> [WORK TO COMPLETE]: In this exercise, print only the lines of the records below from the one with "Herrlich barockes Taillenmieder" through the one with "1入組可愛草莓裝飾杯蓋 - 綠色 - 查看 7", inclusive. Pictures are not part of the copy.

> [RECORDS FOR THE EXERCISE]:

※ ※ ※

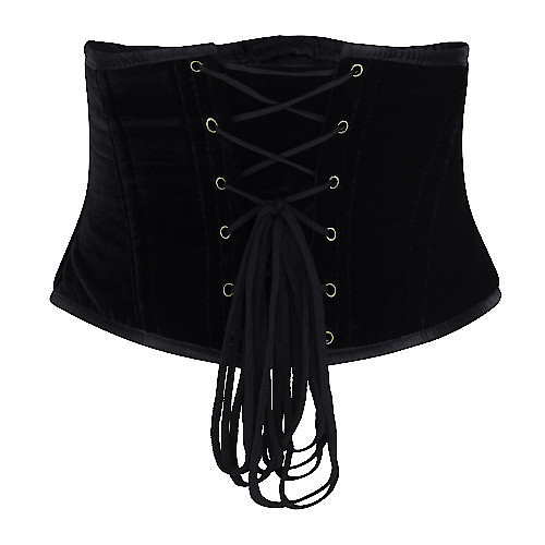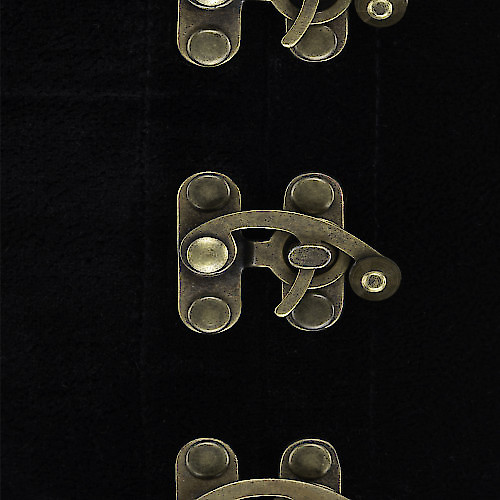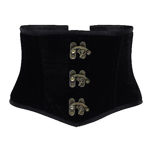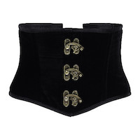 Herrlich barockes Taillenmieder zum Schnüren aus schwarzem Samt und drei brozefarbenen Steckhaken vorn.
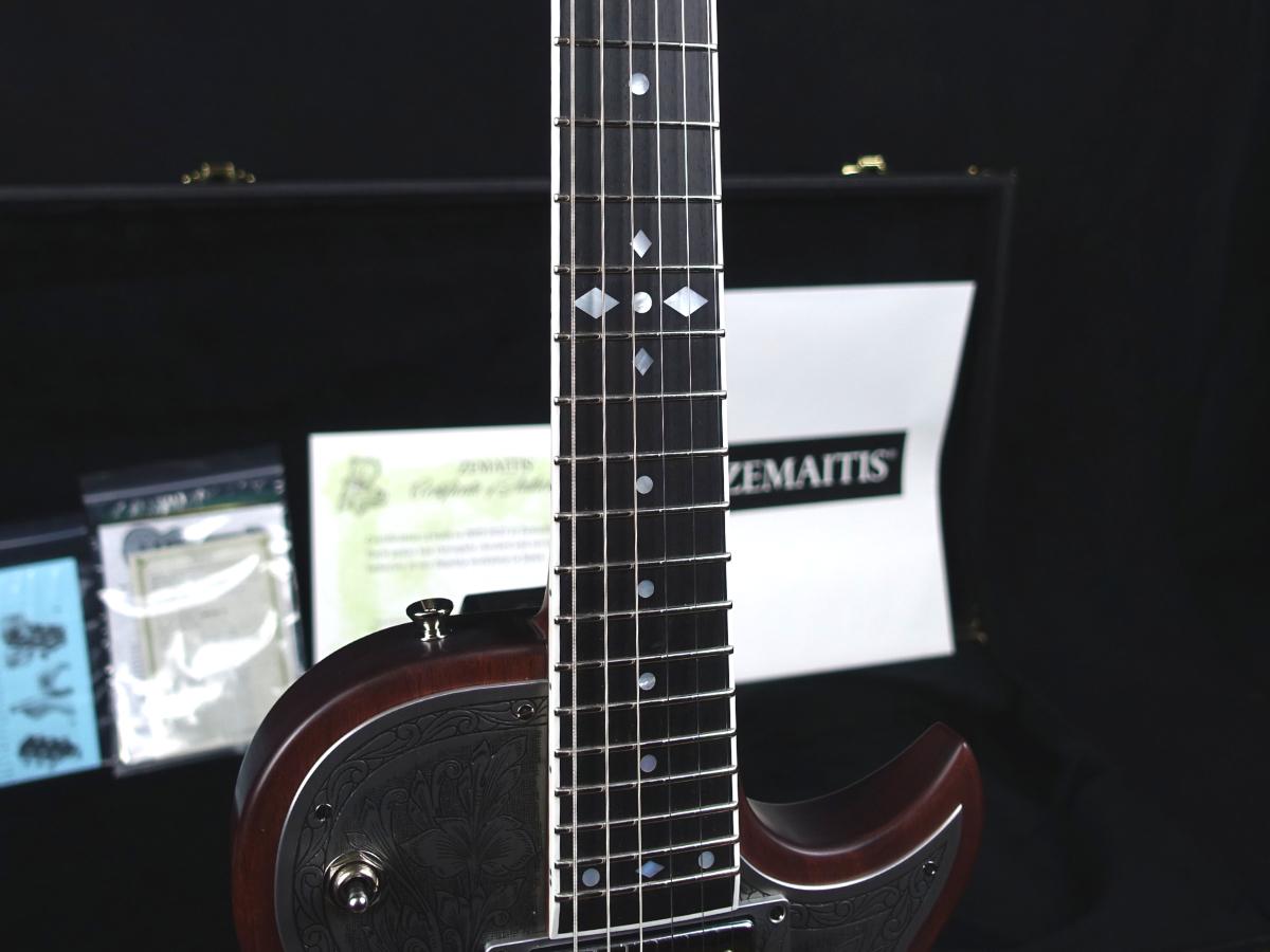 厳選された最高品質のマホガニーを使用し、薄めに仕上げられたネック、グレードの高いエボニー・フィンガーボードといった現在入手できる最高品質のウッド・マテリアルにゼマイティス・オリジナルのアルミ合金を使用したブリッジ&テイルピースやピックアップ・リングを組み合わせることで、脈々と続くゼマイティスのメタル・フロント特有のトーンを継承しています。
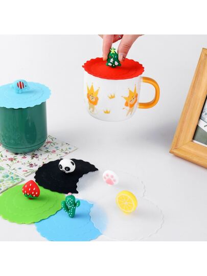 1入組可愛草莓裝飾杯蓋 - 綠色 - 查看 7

※ ※ ※

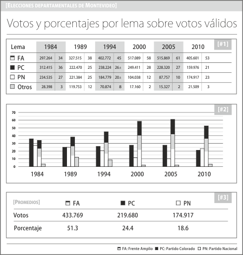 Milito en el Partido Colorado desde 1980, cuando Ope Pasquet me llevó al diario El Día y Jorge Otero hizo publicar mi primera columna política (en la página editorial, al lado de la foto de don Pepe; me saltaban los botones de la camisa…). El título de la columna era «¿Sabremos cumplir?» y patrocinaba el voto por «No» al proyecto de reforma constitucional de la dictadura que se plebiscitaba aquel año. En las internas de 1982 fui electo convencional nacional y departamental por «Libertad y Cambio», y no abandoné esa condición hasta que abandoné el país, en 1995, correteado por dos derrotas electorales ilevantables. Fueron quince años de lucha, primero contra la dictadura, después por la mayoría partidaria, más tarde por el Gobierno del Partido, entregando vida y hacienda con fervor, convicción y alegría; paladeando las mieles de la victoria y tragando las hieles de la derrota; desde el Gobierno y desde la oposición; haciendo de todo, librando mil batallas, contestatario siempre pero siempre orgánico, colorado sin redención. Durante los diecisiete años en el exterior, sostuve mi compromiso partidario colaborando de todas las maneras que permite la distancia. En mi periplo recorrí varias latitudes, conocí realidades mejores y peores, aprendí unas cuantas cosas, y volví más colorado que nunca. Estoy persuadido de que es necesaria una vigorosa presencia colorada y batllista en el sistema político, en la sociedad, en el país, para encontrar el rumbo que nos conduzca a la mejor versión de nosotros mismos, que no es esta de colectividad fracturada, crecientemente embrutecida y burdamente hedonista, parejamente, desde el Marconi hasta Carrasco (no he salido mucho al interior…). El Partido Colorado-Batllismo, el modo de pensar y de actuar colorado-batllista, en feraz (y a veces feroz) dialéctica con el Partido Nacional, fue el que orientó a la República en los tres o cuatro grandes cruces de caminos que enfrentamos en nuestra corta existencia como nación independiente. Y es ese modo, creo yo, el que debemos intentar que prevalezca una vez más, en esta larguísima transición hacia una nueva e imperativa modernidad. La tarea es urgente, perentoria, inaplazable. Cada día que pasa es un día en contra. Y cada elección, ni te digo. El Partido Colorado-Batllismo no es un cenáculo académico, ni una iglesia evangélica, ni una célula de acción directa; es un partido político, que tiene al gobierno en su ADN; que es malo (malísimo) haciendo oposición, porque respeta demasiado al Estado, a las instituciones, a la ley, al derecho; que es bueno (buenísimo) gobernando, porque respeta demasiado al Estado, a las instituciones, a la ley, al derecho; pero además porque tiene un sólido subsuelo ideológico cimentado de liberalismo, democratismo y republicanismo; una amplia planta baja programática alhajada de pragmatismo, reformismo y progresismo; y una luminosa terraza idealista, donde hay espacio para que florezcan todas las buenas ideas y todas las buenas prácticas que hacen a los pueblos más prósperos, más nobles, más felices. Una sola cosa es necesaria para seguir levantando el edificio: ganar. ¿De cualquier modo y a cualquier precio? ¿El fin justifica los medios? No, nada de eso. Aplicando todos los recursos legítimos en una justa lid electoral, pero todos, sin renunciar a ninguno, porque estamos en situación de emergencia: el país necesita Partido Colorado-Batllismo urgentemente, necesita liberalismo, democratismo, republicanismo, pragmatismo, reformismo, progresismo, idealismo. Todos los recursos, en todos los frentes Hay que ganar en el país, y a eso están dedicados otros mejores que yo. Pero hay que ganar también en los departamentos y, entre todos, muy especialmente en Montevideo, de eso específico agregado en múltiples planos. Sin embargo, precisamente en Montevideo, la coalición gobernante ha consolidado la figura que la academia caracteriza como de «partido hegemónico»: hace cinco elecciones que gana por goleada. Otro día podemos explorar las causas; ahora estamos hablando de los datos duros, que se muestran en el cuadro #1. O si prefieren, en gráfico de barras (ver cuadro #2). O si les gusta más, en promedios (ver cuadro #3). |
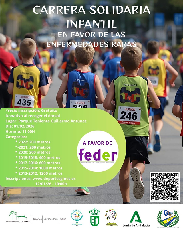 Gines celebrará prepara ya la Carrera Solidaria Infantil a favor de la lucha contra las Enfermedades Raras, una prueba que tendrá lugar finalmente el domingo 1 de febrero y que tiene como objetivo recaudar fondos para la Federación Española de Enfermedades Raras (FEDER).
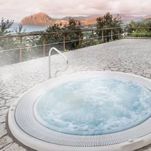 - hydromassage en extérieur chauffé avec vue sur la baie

※ ※ ※

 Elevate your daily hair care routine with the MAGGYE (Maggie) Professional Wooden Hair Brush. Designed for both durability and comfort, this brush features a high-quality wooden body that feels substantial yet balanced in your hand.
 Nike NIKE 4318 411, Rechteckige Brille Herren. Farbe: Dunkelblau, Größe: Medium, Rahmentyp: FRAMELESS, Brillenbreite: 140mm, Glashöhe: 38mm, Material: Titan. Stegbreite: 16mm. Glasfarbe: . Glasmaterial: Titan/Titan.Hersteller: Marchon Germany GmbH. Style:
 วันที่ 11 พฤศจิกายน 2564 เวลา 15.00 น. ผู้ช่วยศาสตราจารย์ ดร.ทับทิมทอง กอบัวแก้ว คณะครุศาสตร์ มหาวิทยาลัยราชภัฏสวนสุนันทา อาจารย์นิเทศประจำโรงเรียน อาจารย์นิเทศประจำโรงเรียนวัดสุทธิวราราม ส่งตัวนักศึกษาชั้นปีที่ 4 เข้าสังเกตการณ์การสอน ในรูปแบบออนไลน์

※ ※ ※

> [PROBLEM SOLUTION]:
 Herrlich barockes Taillenmieder zum Schnüren aus schwarzem Samt und drei brozefarbenen Steckhaken vorn.
 厳選された最高品質のマホガニーを使用し、薄めに仕上げられたネック、グレードの高いエボニー・フィンガーボードといった現在入手できる最高品質のウッド・マテリアルにゼマイティス・オリジナルのアルミ合金を使用したブリッジ&テイルピースやピックアップ・リングを組み合わせることで、脈々と続くゼマイティスのメタル・フロント特有のトーンを継承しています。
 1入組可愛草莓裝飾杯蓋 - 綠色 - 查看 7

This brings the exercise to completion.